Work item: Starting with the line that has "Vinyl sticker with" in the records below and ending with the line that has "網(wǎng)民朋友,您好!", output those lines exactly and nothing more; omit the pictures.

Supplied data:

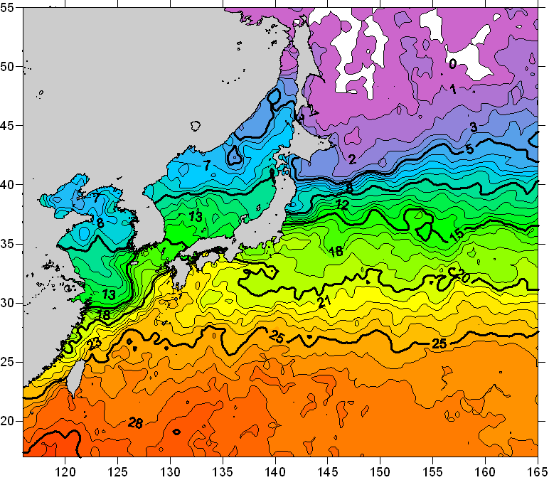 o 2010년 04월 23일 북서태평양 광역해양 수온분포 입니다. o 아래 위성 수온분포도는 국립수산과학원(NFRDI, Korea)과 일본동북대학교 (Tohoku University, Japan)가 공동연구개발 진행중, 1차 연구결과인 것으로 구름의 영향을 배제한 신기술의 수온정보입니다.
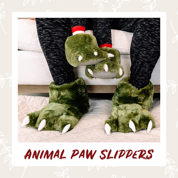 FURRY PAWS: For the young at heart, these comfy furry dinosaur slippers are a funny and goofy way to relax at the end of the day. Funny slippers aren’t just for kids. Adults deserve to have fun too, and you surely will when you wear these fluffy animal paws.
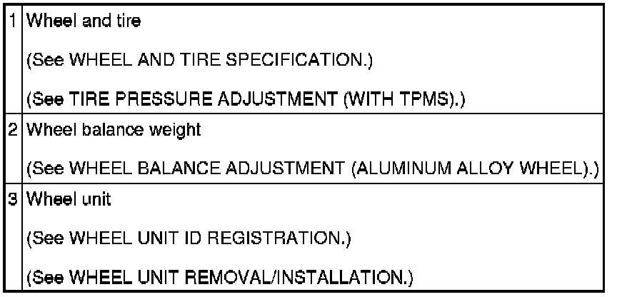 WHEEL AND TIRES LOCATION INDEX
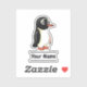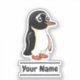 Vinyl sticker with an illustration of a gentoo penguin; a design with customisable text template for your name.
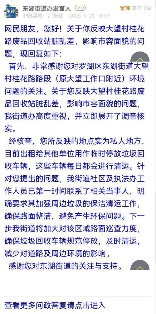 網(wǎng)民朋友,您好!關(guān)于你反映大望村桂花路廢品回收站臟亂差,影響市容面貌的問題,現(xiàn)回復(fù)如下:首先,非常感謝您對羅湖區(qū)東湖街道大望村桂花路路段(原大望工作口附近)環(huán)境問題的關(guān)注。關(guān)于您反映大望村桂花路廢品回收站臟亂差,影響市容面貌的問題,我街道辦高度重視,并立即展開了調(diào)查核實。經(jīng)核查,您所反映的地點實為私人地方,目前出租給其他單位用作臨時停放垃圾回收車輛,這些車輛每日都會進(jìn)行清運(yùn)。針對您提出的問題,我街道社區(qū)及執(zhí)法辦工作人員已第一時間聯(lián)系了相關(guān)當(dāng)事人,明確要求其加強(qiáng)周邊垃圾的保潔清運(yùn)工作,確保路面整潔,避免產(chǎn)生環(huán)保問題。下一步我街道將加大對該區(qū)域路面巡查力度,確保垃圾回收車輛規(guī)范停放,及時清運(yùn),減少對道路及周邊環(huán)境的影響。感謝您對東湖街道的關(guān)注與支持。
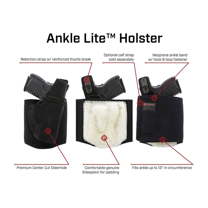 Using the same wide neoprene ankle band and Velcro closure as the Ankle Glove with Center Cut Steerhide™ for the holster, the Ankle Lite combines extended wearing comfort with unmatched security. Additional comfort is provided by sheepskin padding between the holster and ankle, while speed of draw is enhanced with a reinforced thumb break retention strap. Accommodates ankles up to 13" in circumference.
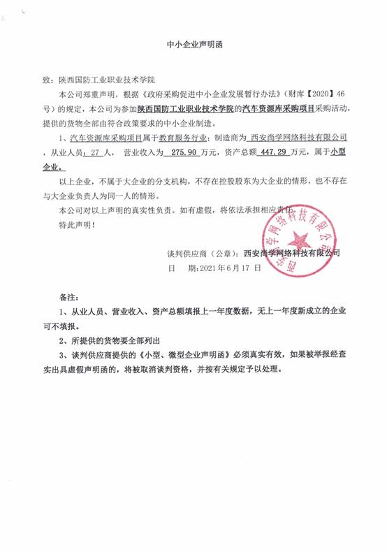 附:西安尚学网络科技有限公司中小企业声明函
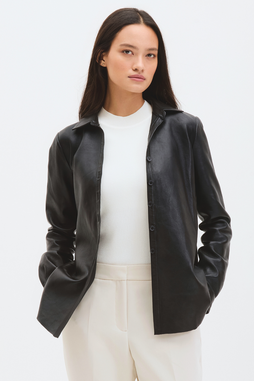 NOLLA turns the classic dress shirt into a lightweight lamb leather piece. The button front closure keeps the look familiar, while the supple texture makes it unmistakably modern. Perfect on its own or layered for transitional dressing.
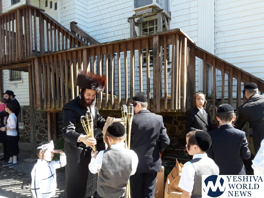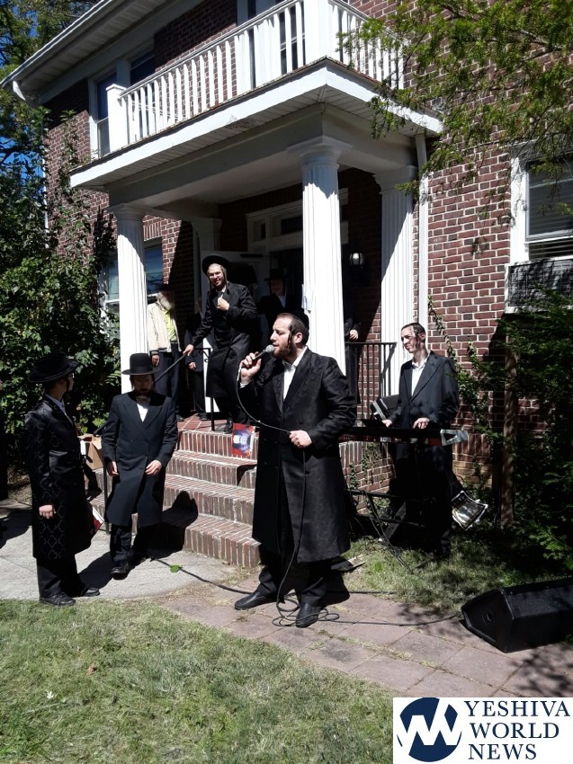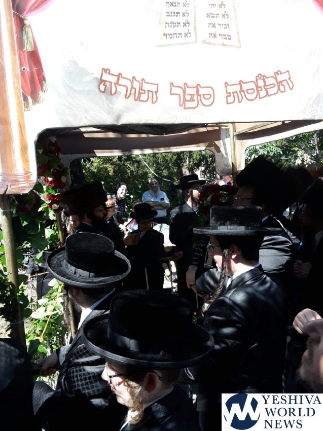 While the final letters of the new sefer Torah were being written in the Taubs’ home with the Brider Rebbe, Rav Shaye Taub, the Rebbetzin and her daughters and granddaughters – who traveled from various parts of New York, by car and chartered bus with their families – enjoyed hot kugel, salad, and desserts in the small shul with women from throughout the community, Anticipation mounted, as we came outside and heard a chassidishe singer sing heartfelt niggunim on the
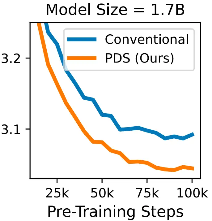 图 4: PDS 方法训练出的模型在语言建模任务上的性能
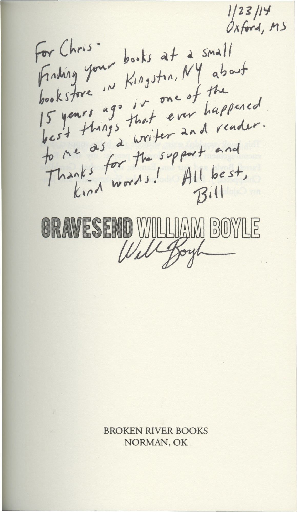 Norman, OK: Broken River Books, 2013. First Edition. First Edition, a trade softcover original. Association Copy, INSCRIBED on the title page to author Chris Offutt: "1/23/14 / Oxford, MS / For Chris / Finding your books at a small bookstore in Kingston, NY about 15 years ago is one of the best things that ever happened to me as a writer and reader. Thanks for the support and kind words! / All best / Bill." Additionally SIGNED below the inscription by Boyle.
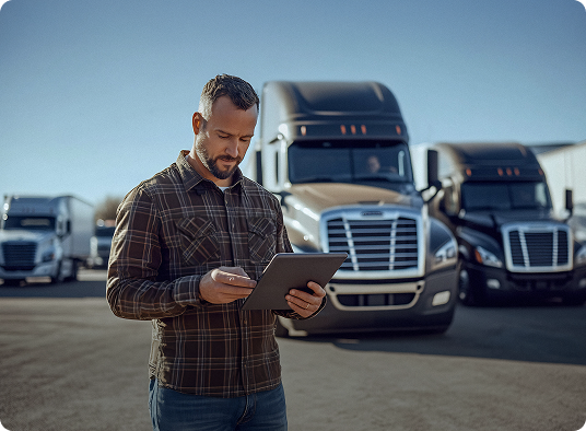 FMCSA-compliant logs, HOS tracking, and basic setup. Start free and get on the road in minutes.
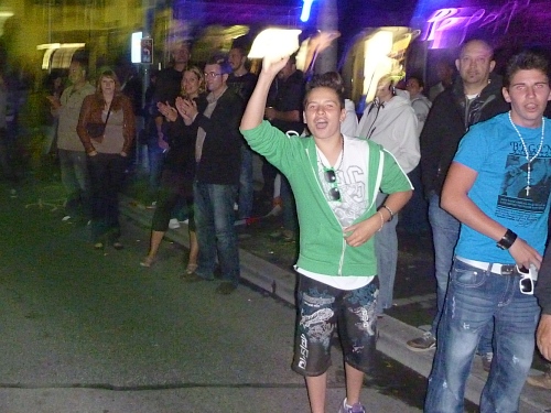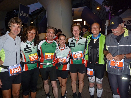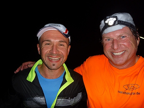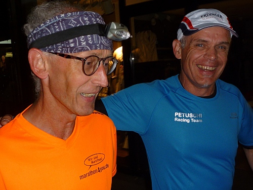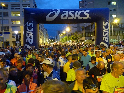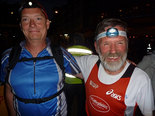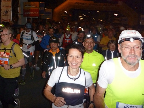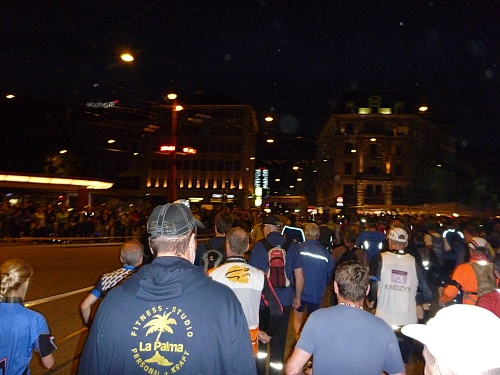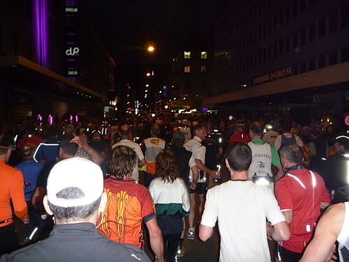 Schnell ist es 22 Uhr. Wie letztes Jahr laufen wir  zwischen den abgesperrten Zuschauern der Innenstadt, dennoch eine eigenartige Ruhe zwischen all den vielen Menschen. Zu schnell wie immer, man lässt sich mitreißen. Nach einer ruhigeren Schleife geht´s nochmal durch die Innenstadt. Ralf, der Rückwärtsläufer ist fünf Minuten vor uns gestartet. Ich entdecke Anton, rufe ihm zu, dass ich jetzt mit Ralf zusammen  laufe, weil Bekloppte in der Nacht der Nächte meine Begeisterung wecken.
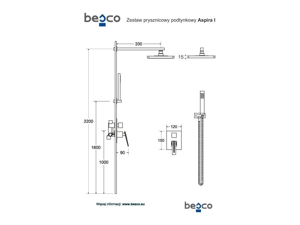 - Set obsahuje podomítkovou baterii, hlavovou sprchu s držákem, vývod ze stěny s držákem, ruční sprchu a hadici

* * *

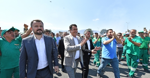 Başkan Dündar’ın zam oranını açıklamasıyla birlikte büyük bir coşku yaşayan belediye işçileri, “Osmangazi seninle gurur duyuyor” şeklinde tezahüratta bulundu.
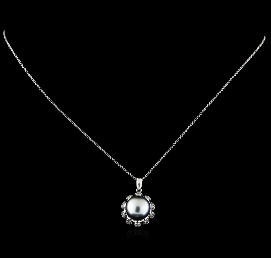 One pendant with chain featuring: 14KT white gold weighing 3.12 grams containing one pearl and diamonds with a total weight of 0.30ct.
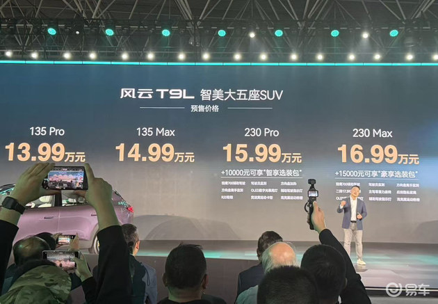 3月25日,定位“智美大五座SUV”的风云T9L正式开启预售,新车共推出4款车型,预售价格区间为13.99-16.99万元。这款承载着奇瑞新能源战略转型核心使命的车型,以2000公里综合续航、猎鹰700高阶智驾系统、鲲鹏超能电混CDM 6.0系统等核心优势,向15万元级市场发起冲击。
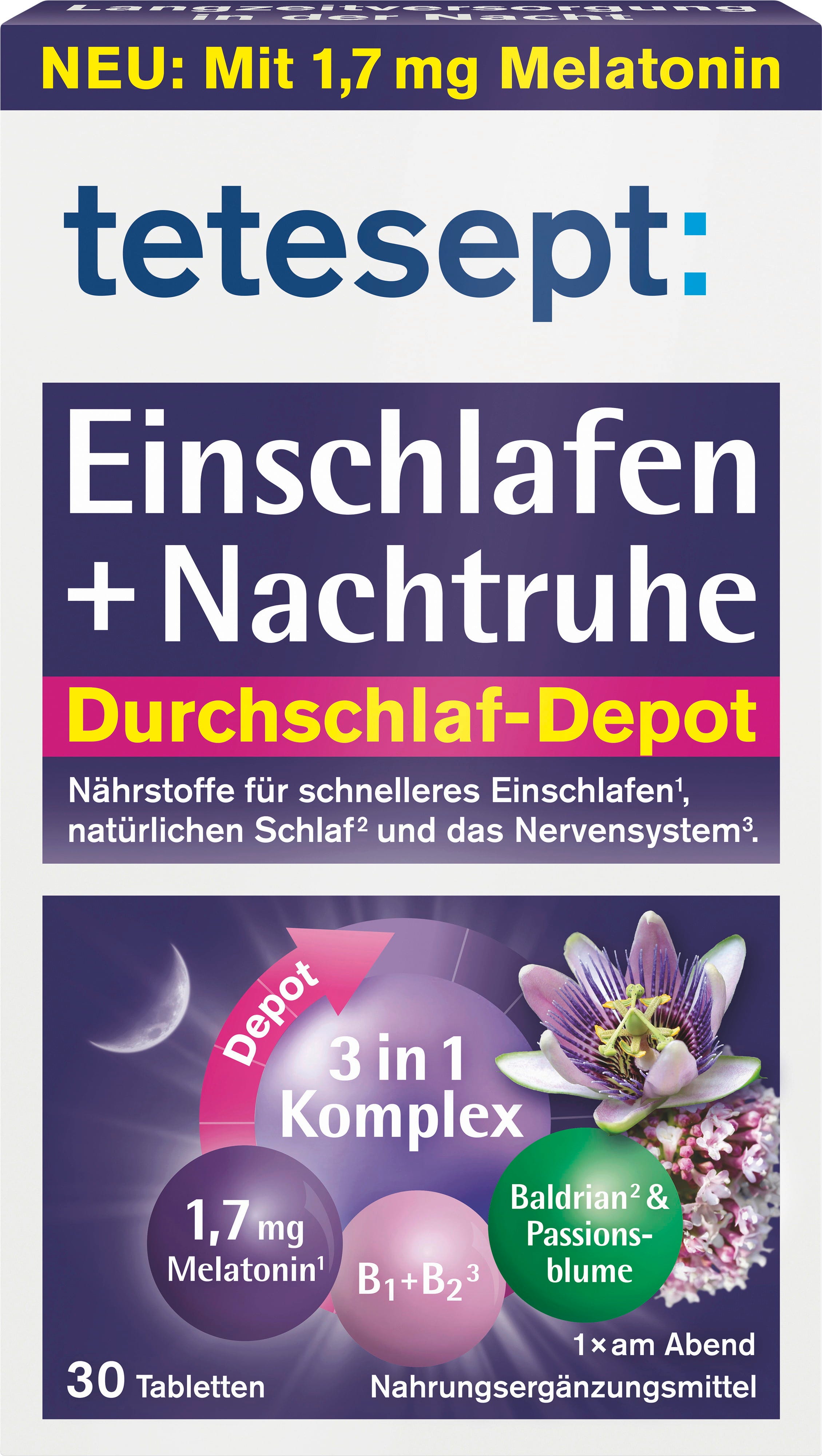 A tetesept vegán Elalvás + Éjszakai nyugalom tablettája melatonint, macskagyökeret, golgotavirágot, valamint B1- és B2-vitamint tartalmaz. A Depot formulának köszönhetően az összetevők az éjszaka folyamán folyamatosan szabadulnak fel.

---

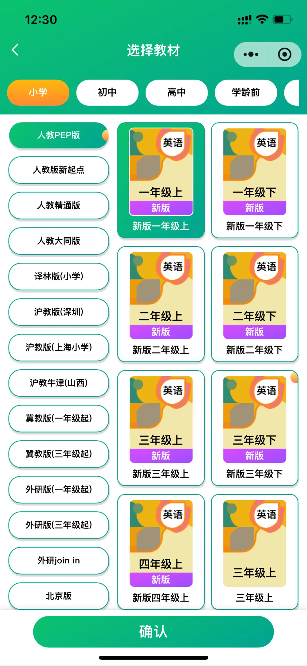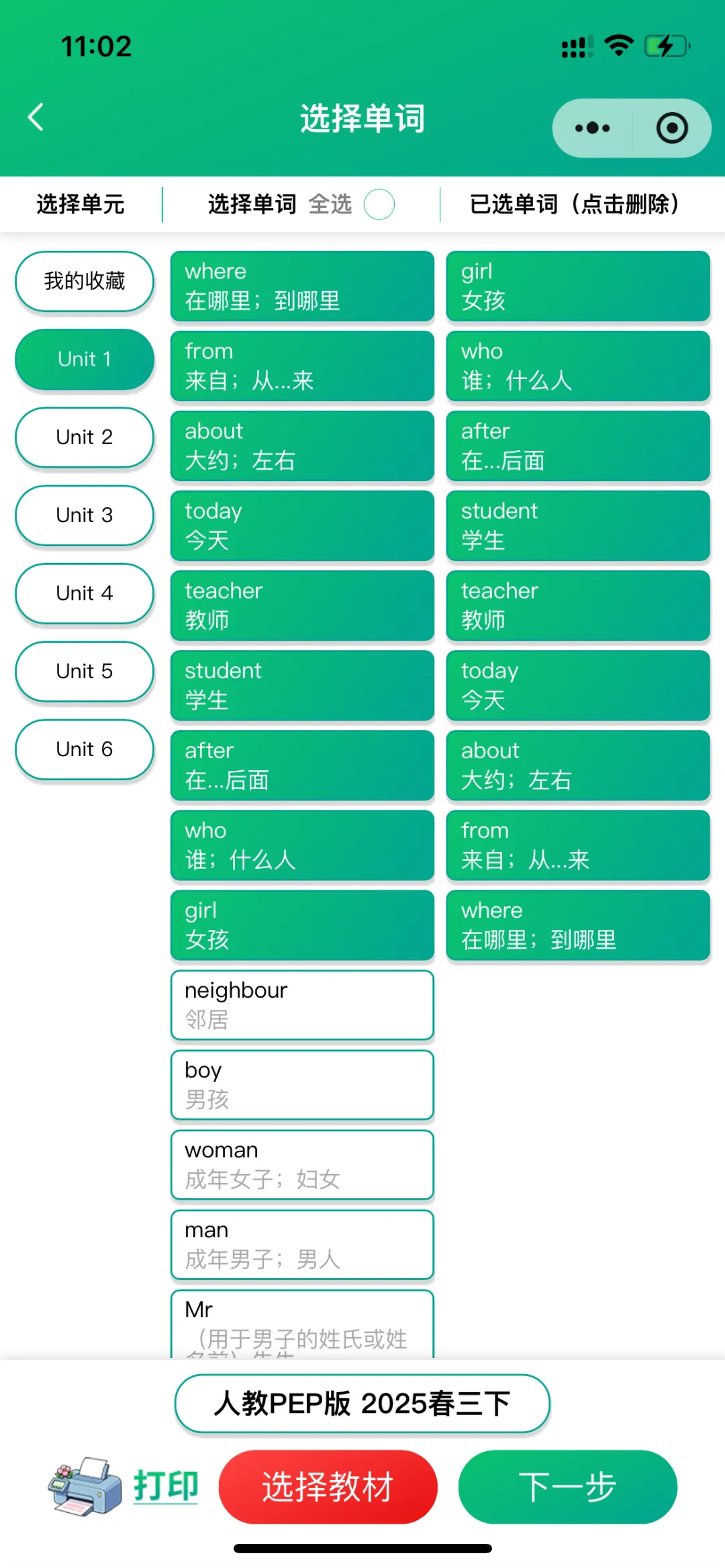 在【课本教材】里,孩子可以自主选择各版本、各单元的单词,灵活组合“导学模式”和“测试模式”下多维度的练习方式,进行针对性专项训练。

Solution for this task:
 Vinyl sticker with an illustration of a gentoo penguin; a design with customisable text template for your name.
 網(wǎng)民朋友,您好!關(guān)于你反映大望村桂花路廢品回收站臟亂差,影響市容面貌的問題,現(xiàn)回復(fù)如下:首先,非常感謝您對羅湖區(qū)東湖街道大望村桂花路路段(原大望工作口附近)環(huán)境問題的關(guān)注。關(guān)于您反映大望村桂花路廢品回收站臟亂差,影響市容面貌的問題,我街道辦高度重視,并立即展開了調(diào)查核實。經(jīng)核查,您所反映的地點實為私人地方,目前出租給其他單位用作臨時停放垃圾回收車輛,這些車輛每日都會進(jìn)行清運(yùn)。針對您提出的問題,我街道社區(qū)及執(zhí)法辦工作人員已第一時間聯(lián)系了相關(guān)當(dāng)事人,明確要求其加強(qiáng)周邊垃圾的保潔清運(yùn)工作,確保路面整潔,避免產(chǎn)生環(huán)保問題。下一步我街道將加大對該區(qū)域路面巡查力度,確保垃圾回收車輛規(guī)范停放,及時清運(yùn),減少對道路及周邊環(huán)境的影響。感謝您對東湖街道的關(guān)注與支持。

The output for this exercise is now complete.